## Problem
In the records below, the part to copy starts at the line containing "When individual comment" and goes to the last line; output it exactly, without pictures.

# # # # # # #

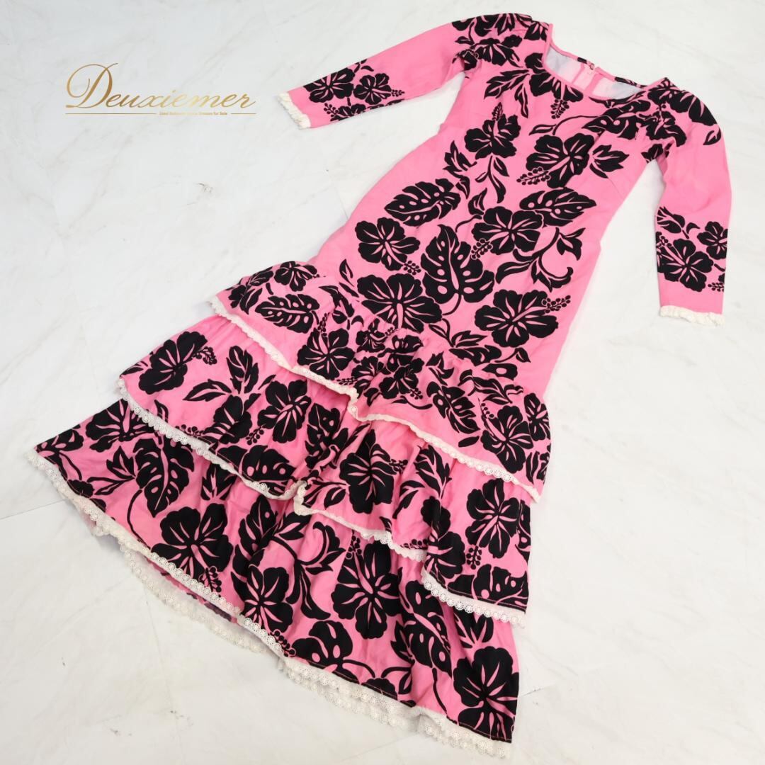 【フラダンス衣装】ピンク ワンピース ドレス 黒 ハイビスカス柄 モンステラ柄 ブラック 鮮やか フリル アロハ 長袖 かわいい
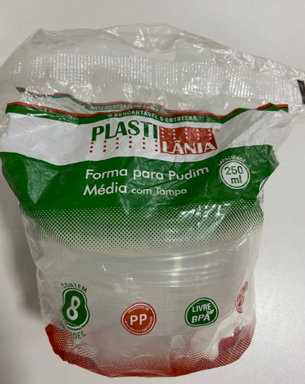 488 - FORMA PUDIM MEDIA 250ml C/ TAMPA C/ 8un - PLASTILANIA
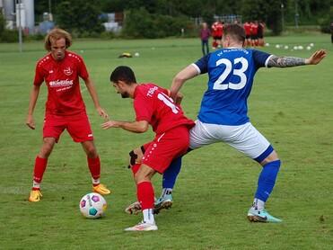TSG-Tore: Filippo Virduzzo, Jimi Müller und Artem Suraichenko. Marienstein war früh gehandicapt durch eine Rote Karte wegen einer Notbremse (1.) an Tim Wolfschläger...
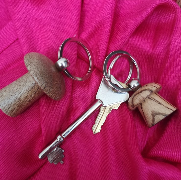 Keyrings - woodturned Mushroom shape, one is made from Zebrano wood, one is Oak with stainless steel key ring attachment
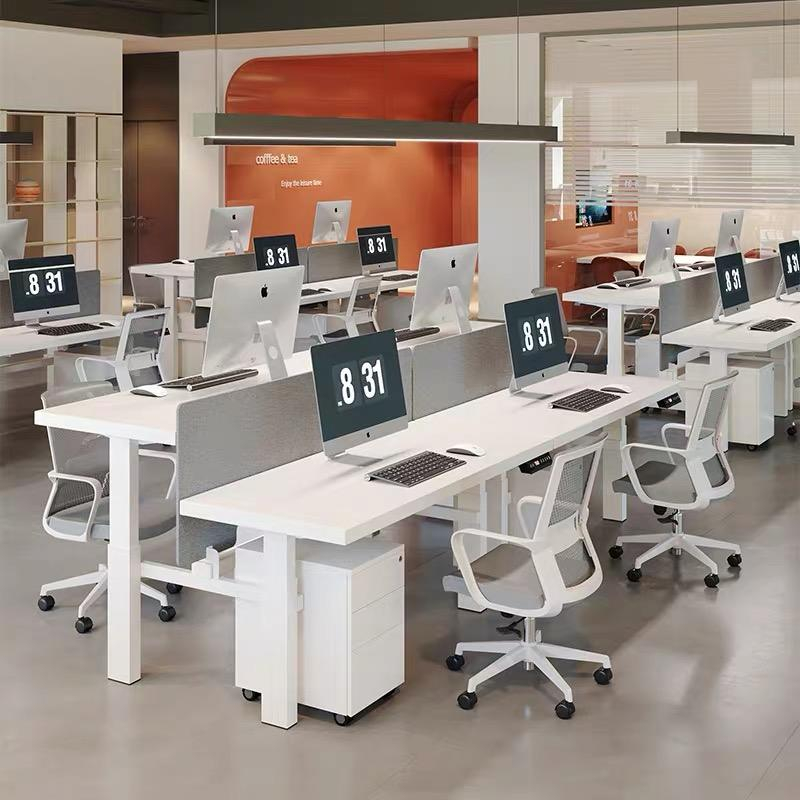 بيت » منتجات » رفع طاولة المكتب » مكتب لأعلى ولأسفل المكتب المكتب المكتب الكهربائي ذو 4 مركبة ، طاولة مكتب ثنائية المقعد ثنائية القسم
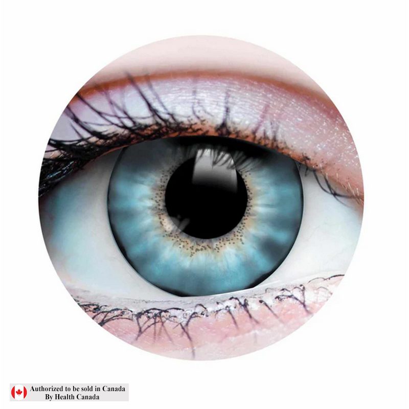 SUNSET OCEAN circle lenses feature a richly textured inner ring of in warm yellow tones, radiating into blue and turquoise hues throughout the iris, which then meet a subtle outer ring. On light natural eyes, the turquoise tones of the SUNSET OCEAN contact lenses come through, for a brighter effect. On dark natural eyes, these beauty lenses add a rich blue outer iris, creating a beautifully contrasted effect with the warmth of their center.
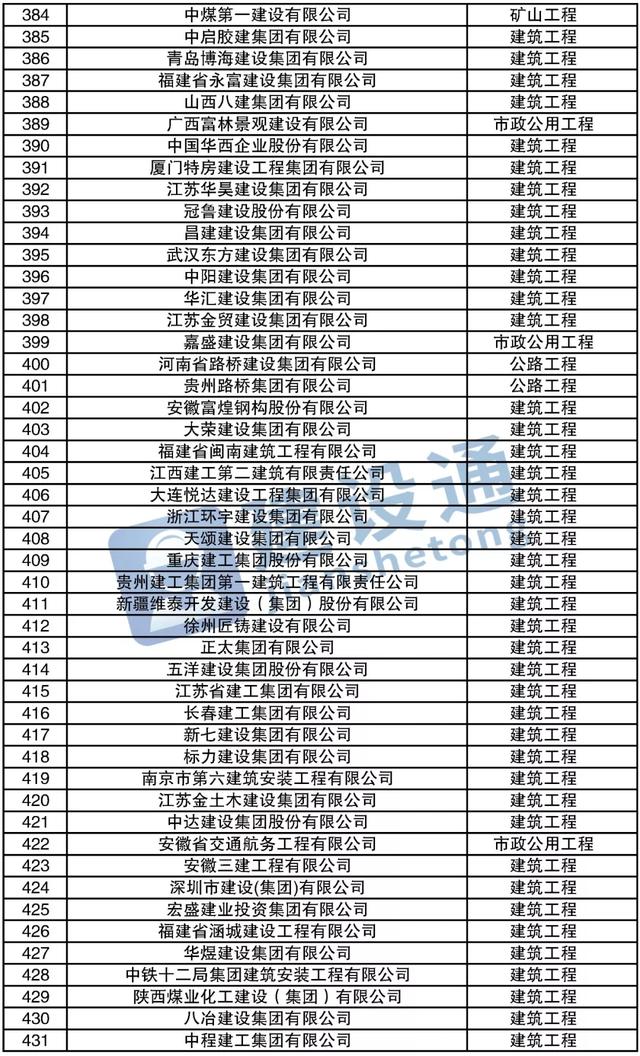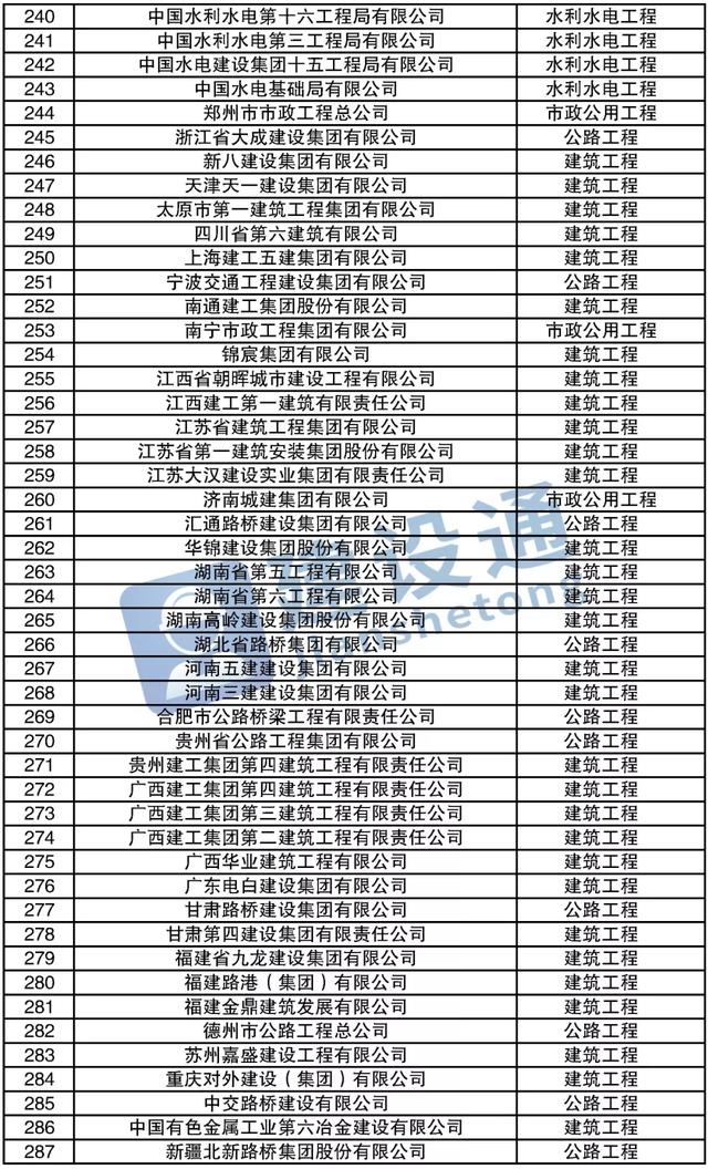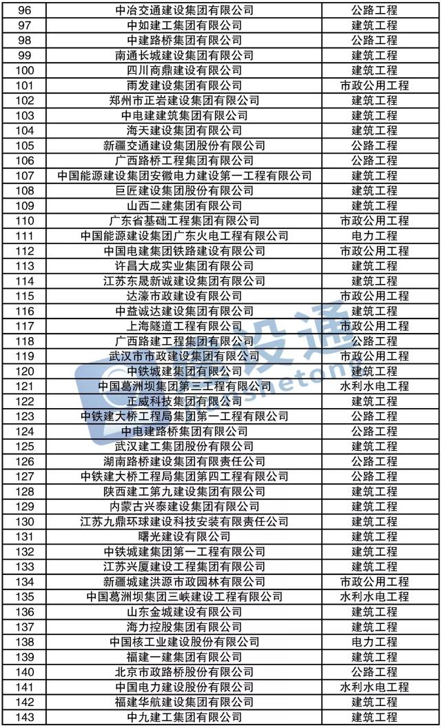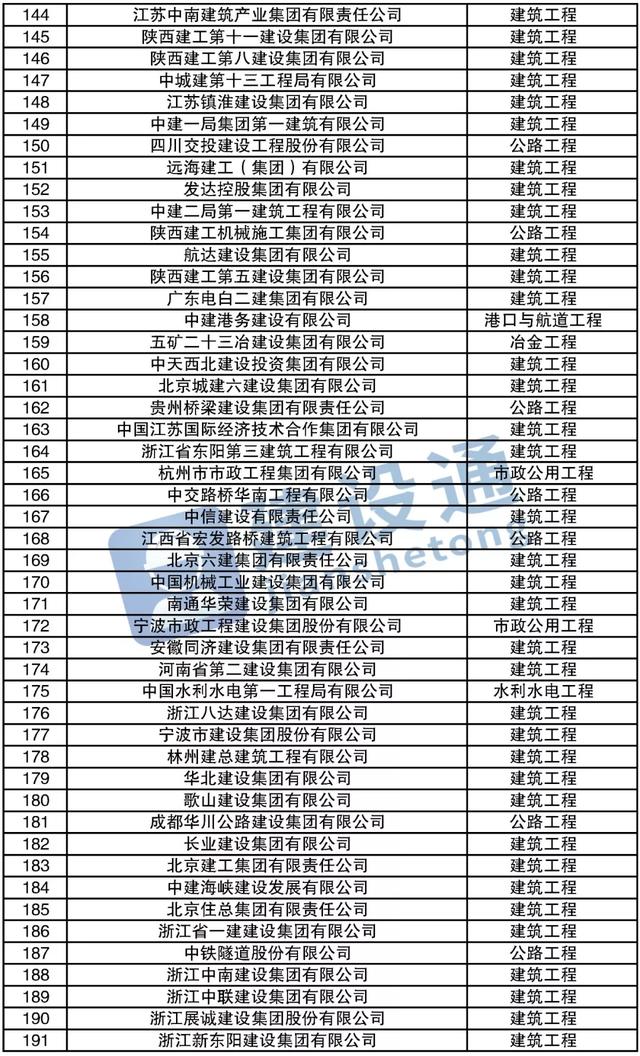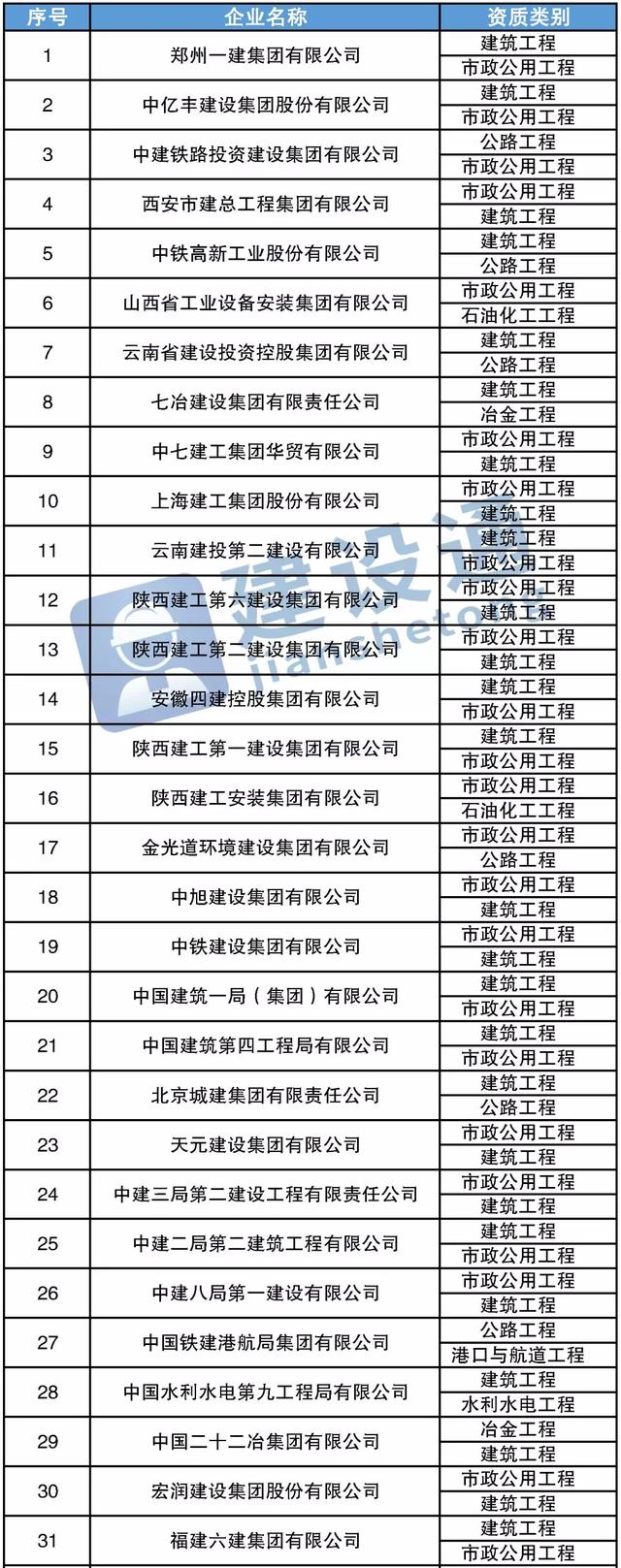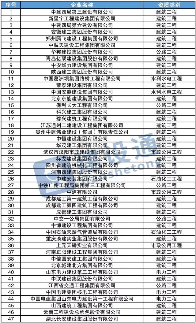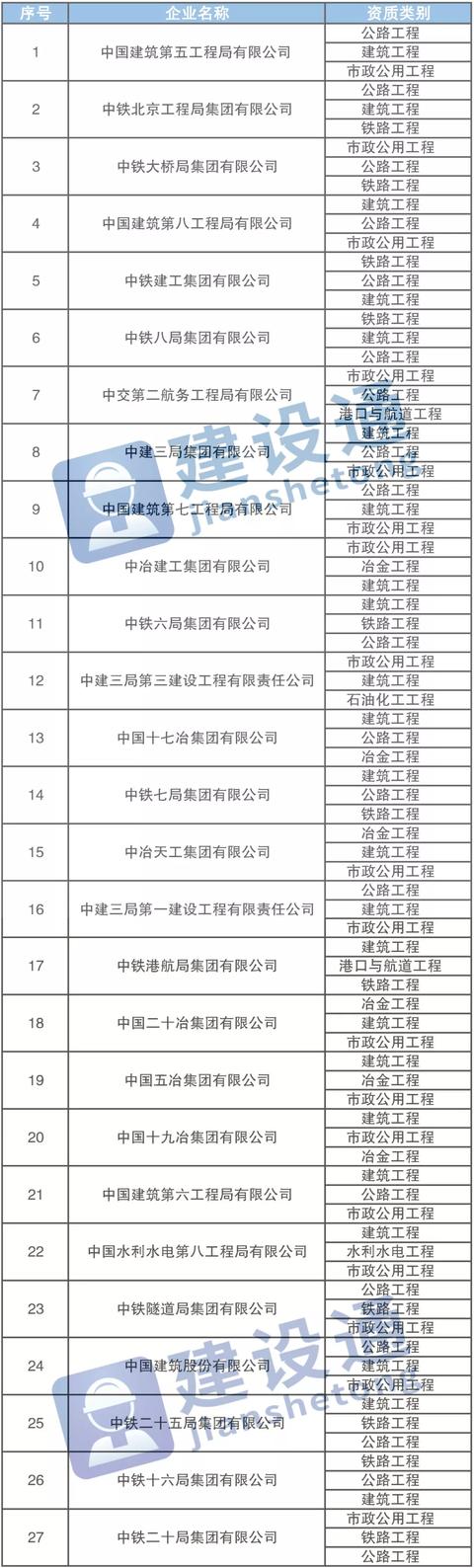 下面由小编带大家盘点一下那些拥有建筑工程总承包特级资质的企业名单:
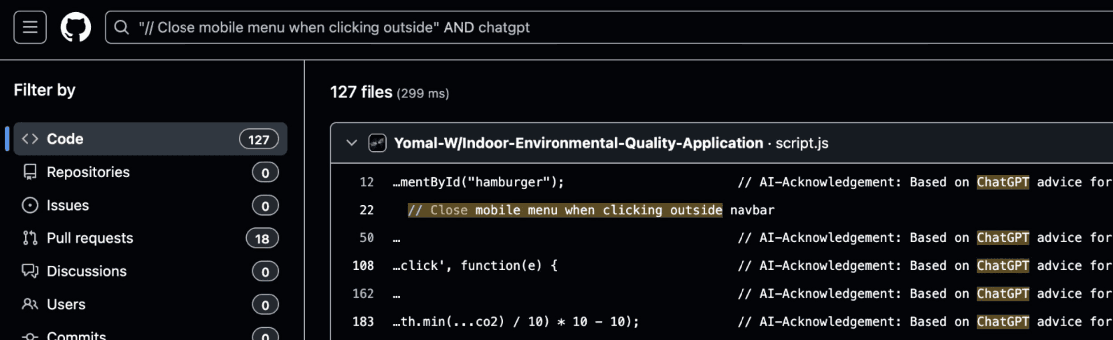 When individual comment strings from the code are searched across public repositories, they appear across tens of thousands of GitHub projects, including many where developers explicitly acknowledge using AI coding assistants.
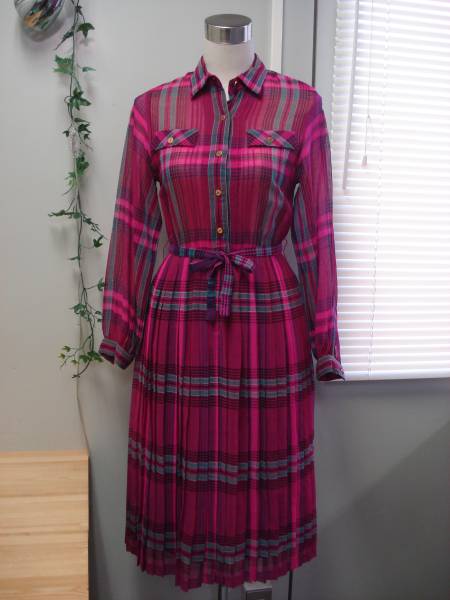 ★Bonachic★チェック柄 タックプリーツワンピース ピンク 9

# # # # # # #

## Written solution
 When individual comment strings from the code are searched across public repositories, they appear across tens of thousands of GitHub projects, including many where developers explicitly acknowledge using AI coding assistants.
 ★Bonachic★チェック柄 タックプリーツワンピース ピンク 9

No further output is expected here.